To calculate the probability for each scenario, we need to consider the total number of possible outcomes and the number of favorable outcomes that satisfy the given conditions.

a. Probability that a 4-digit number starts with a 3:

There are a total of 9,000 4-digit numbers (ranging from 1000 to 9999). Out of these, the numbers starting with 3 range from 3,000 to 3,999, which includes 1,000 possible numbers.

Probability = Number of favorable outcomes / Total number of outcomes Probability Probability = 1/9 or approximately 0.1111

Therefore, the probability that a randomly chosen 4-digit number starts with a 3 is approximately 0.1111 or 11.11%.

Here's a more detailed explanation for each scenario:

Probability that a 4-digit number starts with a 3:

To calculate this probability, we need to determine the number of 4-digit numbers that start with 3 and divide it by the total number of 4-digit numbers.

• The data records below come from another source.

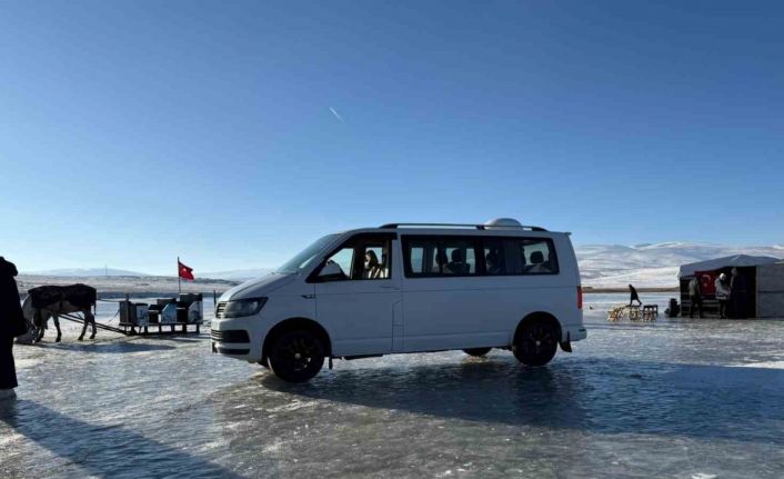 Kars’ta turizm sektörüne uzun yıllardan beri hizmet eden turizm şirketi sahibi Şentürk Güç, turistlerle birlikte geldiği Arpaçay’a bağlı Taşbaşı köyünde Çıldır Gölü üzerine bin 979 kilo ağırlığındaki aracıyla çıktı. Yaklaşık 50 metre buz üzerinde tur atan Güç, o anda atlı kızak turları için göl üzerinde bulunan vatandaşların yürüklerini ağızlarına getirdi.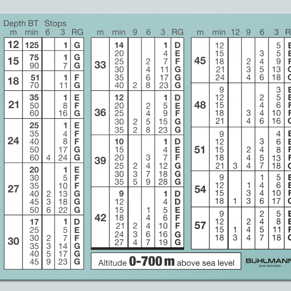 The turning Twin Safety Dial features ® the ZH-L16B Bühlmann decompression stops calculator. It allows to measure decompression stops for 17 recreational dive profiles.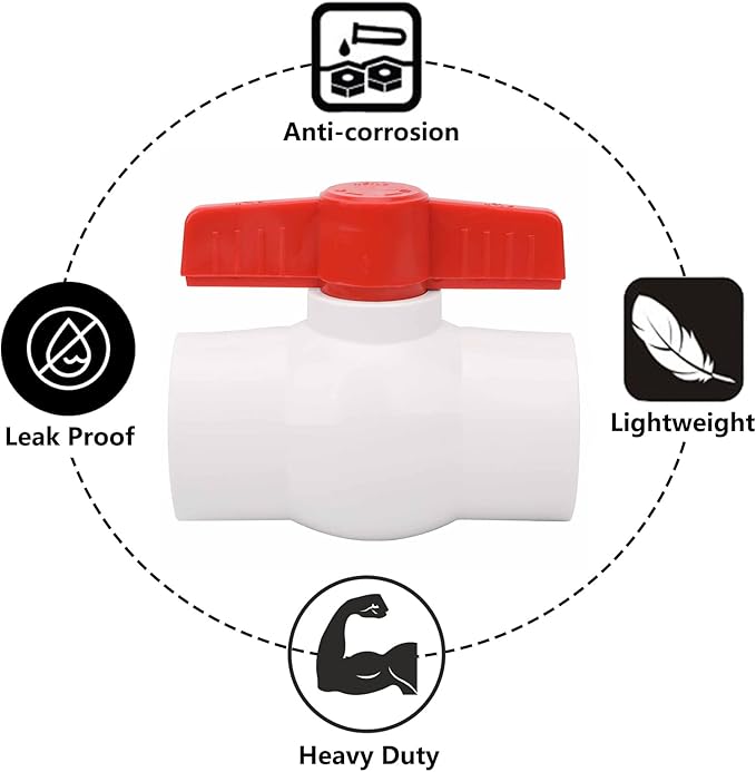 - 【Material】2pcs Heavy Duty 1-1/2 Inch PVC Ball Valve made of high-quality PVC, high-impact strength, resistant to frost and corrosion, long service life.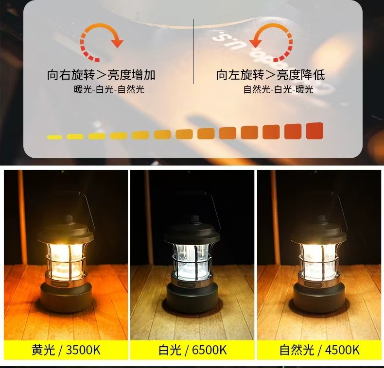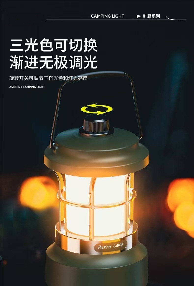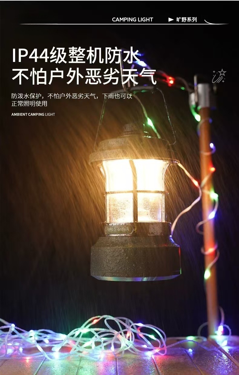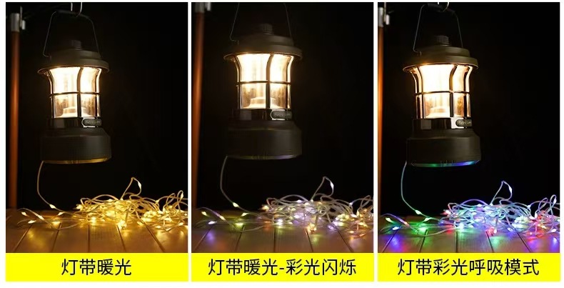 다기능 복고풍 말 랜턴 스트링 라이트 캠핑 라이트 휴대용 라이트 야외 조명 무단계 디밍 충전식 텐트 라이트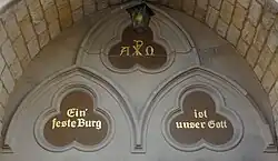 Im Tympanon des Hauptportals findet sich ein Zitat Martin Luthers: „Ein feste Burg ist unser Gott“. Die Kirchenfenster stellen in einem Bilderzyklus Geschichten aus der Bibel und der Pauluskirche dar. Die Orgel wurde 1997 von der Orgelbauwerkstatt Orgelbau Mühleisen erbaut und verfügt über 30 Register, verteilt auf drei Manualen und Pedal.[1] Das Geläut besteht aus sechs Glocken der Gießerei Albert Junker: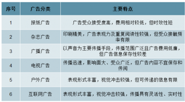 根據(jù)《中華人民共和國廣告法》,廣告指商品經營者或者服務提供者通過一定媒介和形式直接或者間接地介紹自己所推銷的商品或者服務的活動。根據(jù)廣告發(fā)布所依托的媒體形式,廣告可以分為報紙廣告、雜志廣告、廣播廣告、電視廣告、戶外廣告和互聯(lián)網(wǎng)廣告等,其主要特點如下所示: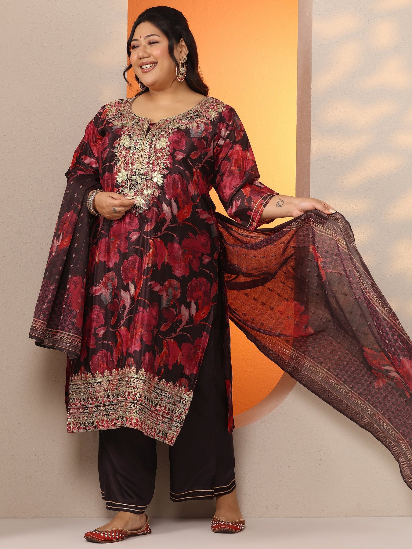 Plus Size Brown Printed Chinon Straight Suit Set With Dupatta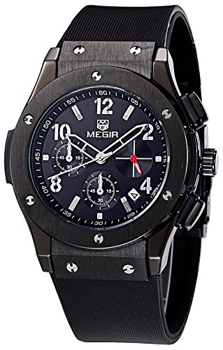 MEGIR 레이디스 실리콘 밴드 합금 케이스 크로노그래프 방수 워치 스포츠 쿼츠 손목시계 3002M (블랙)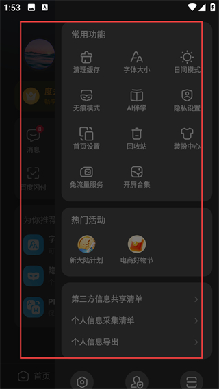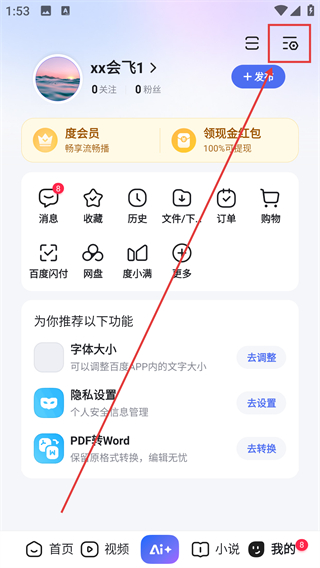 1、在百度APP首页,点击底部的“我的”选项,就能进入个人中心页面,查看各类个人相关功能啦。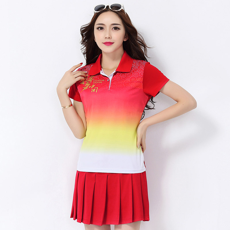 晋冠中国梦南韩丝白色网球服套装两件套女羽毛球服团体表演出场服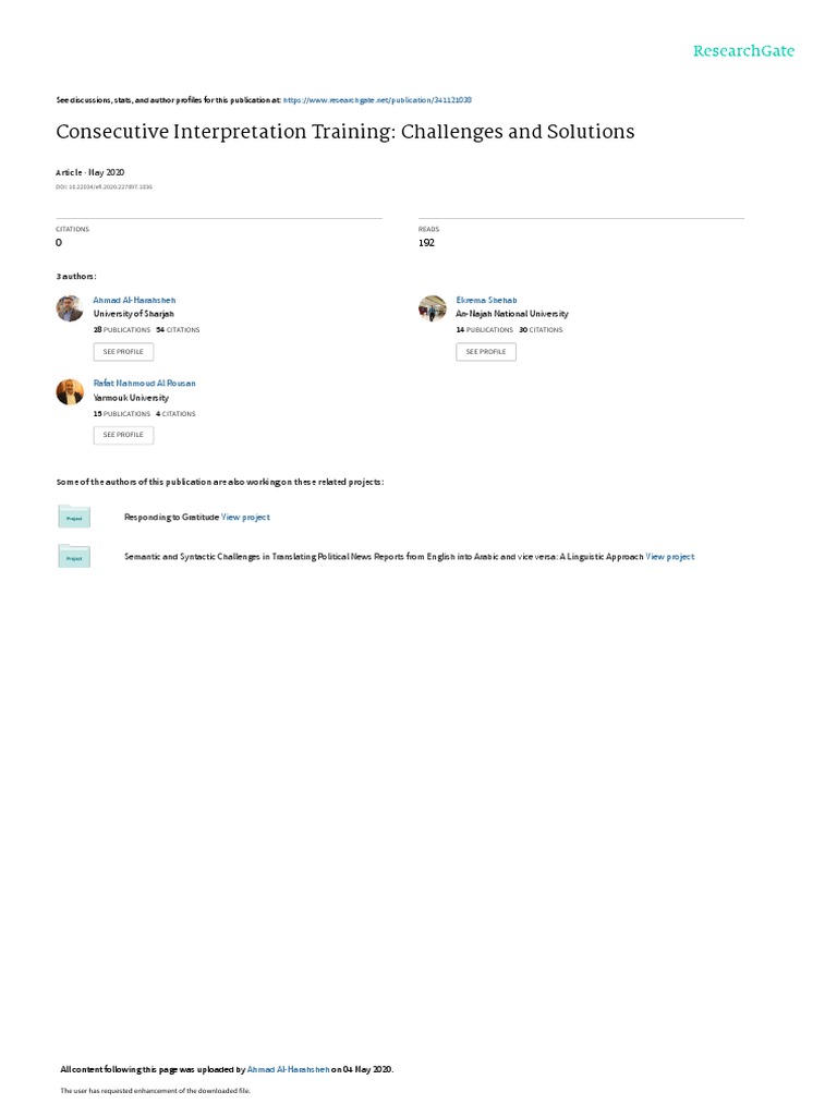 Gile, D.(2009).Basic Concepts and Models for Interpreter and Translator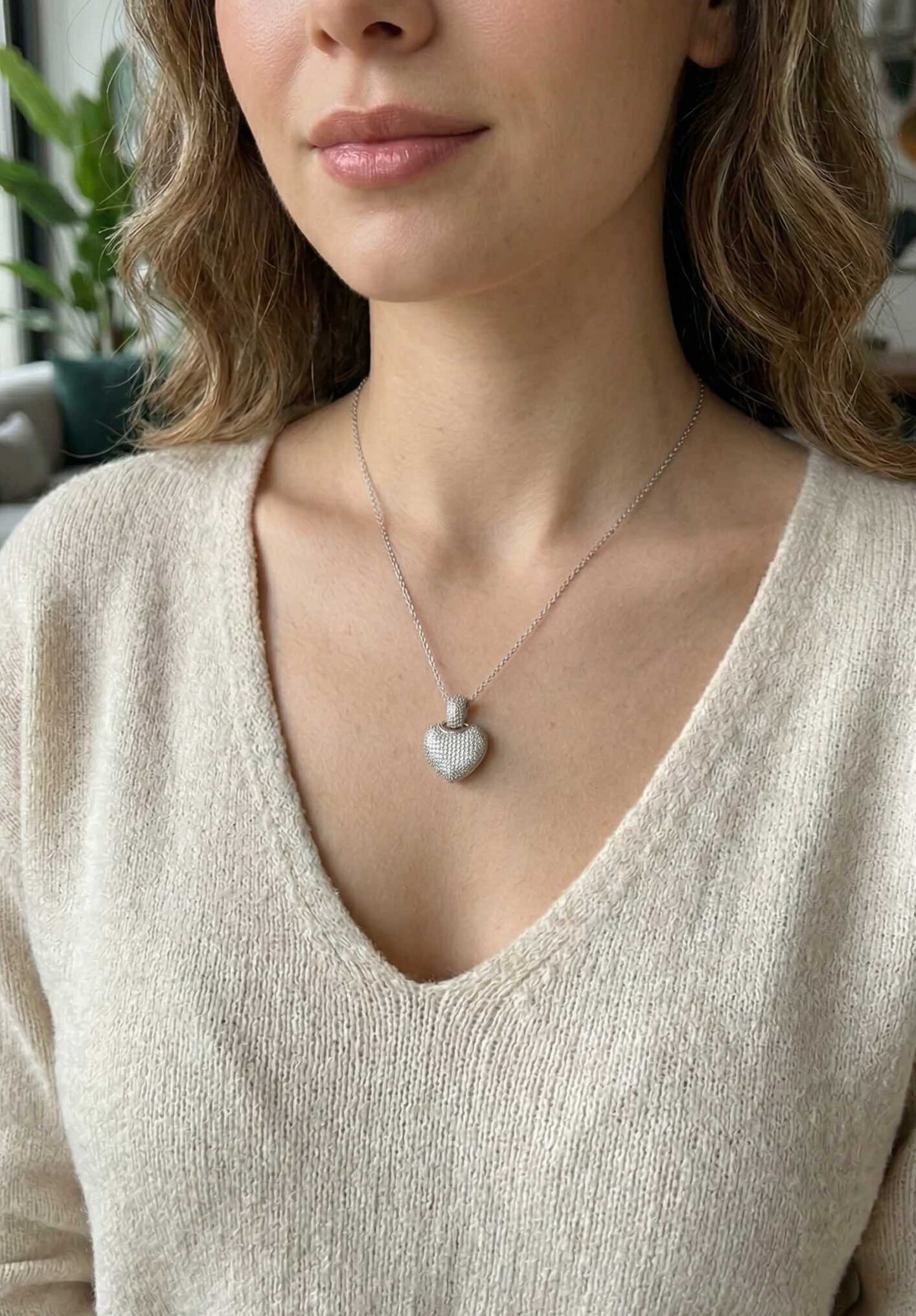 316L Çelik Zincir Gümüş Renk Zirkon Taşlı Kalpli Kadın Kolye
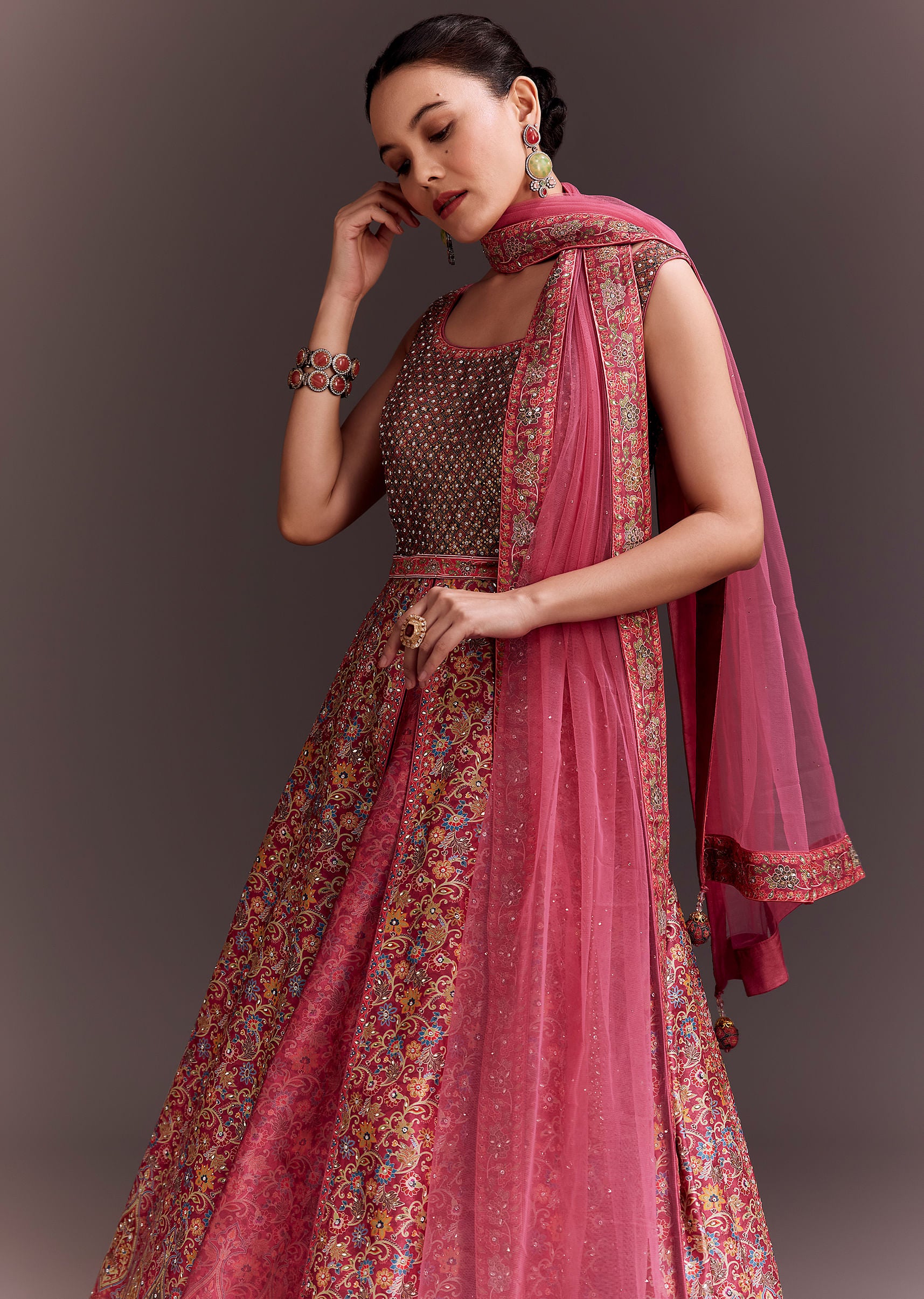 Punch Pink Embroidered Anarkali With Net Dupatta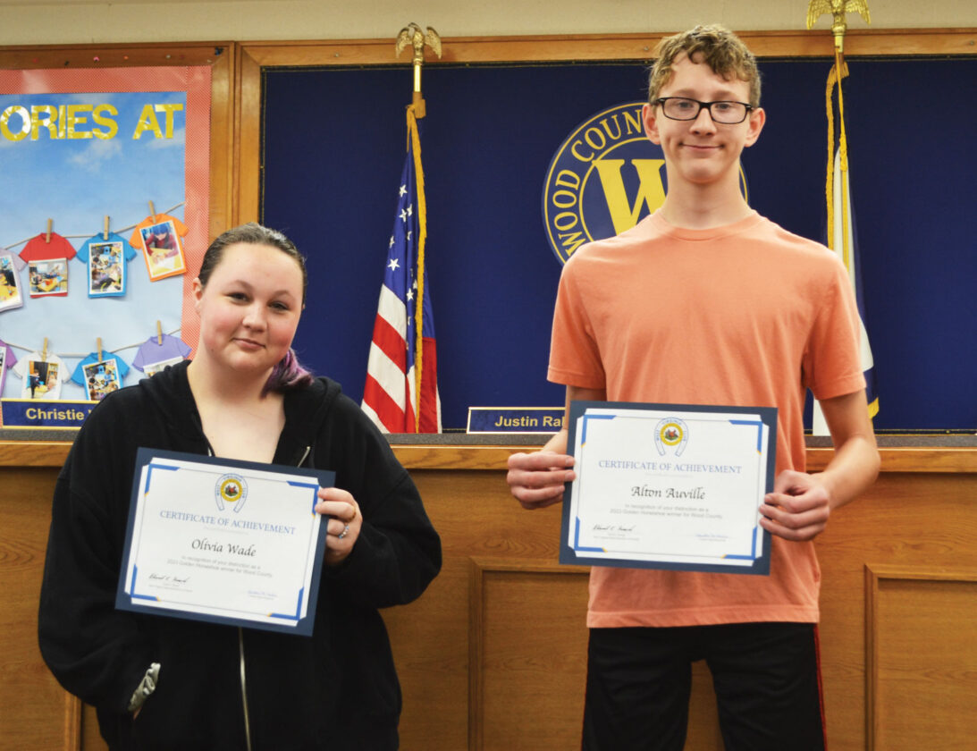 - The Wood County Schools Board of Education recognized the recent Golden Horseshoe Winners from Wood County during Tuesday’s meeting. Pictured are Olivia Wade and Alton Auville from Blennerhassett Middle School. (Photo by Douglass Huxley)
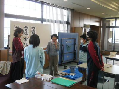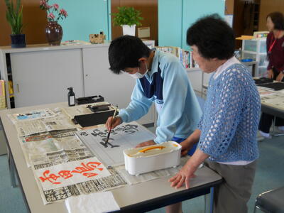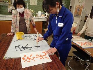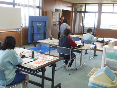 石田先生を講師にお迎えして書道教室を行いました。「2文字を書く」を課題にして各自題材を選び、集中して練習しました。運筆を丁寧に教えていただき、はじめに書いた文字よりもかなり上達しました。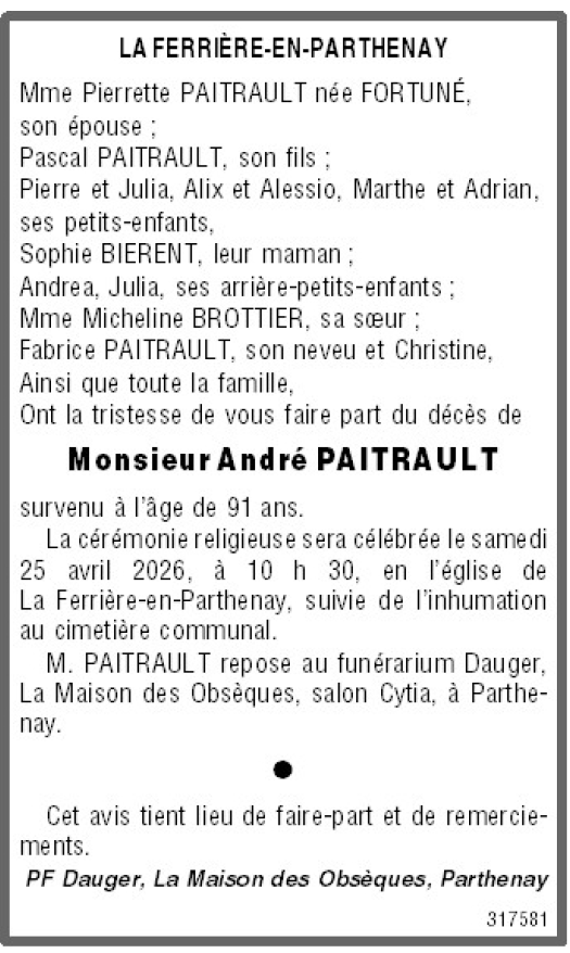 Cet espace « condoléances » est dédié à la mémoire de Monsieur André PAITRAULT.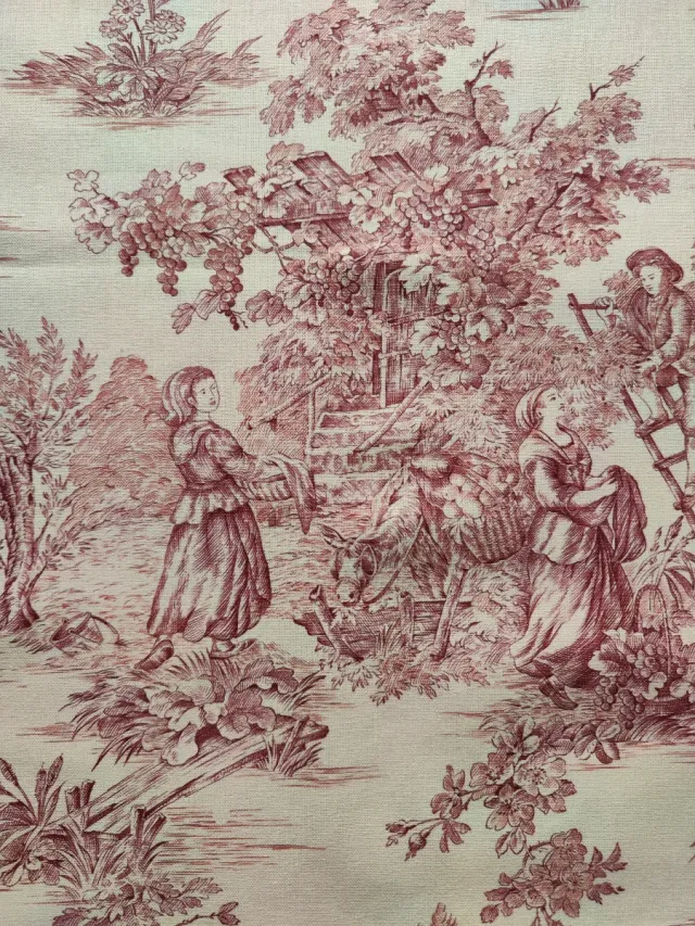 Detalles del productoRetal de tela fina, fuerte, algodón, con un diseño clásico estilo Toile de Jouy en color rojo sobre fondo crudo. Representa una escena campestre con figuras humanas, animales y elementos de la naturaleza. La medida es 1.50x1.00. El precio es por el retal entero.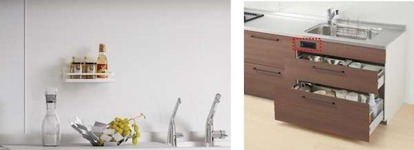 キッチンパネルに、マグネット収納が取り付けられ、汚れもふき取りやすい「マグネット対応パネル」と、調理家電が手元で手軽に使用できる「コンセント付き2段引き出し」を新たに設定。

In the range of 4-digit numbers (from 1000 to 9999), numbers that start with 3 range from 3000 to 3999. There are 1000 numbers that satisfy this condition.

The total number of 4-digit numbers is 9999 - 1000 + 1 = 9000.

Therefore, the probability that a randomly chosen 4-digit number starts with a 3 is 1000/9000 = 1/9 ? 0.1111 or approximately 11.11%.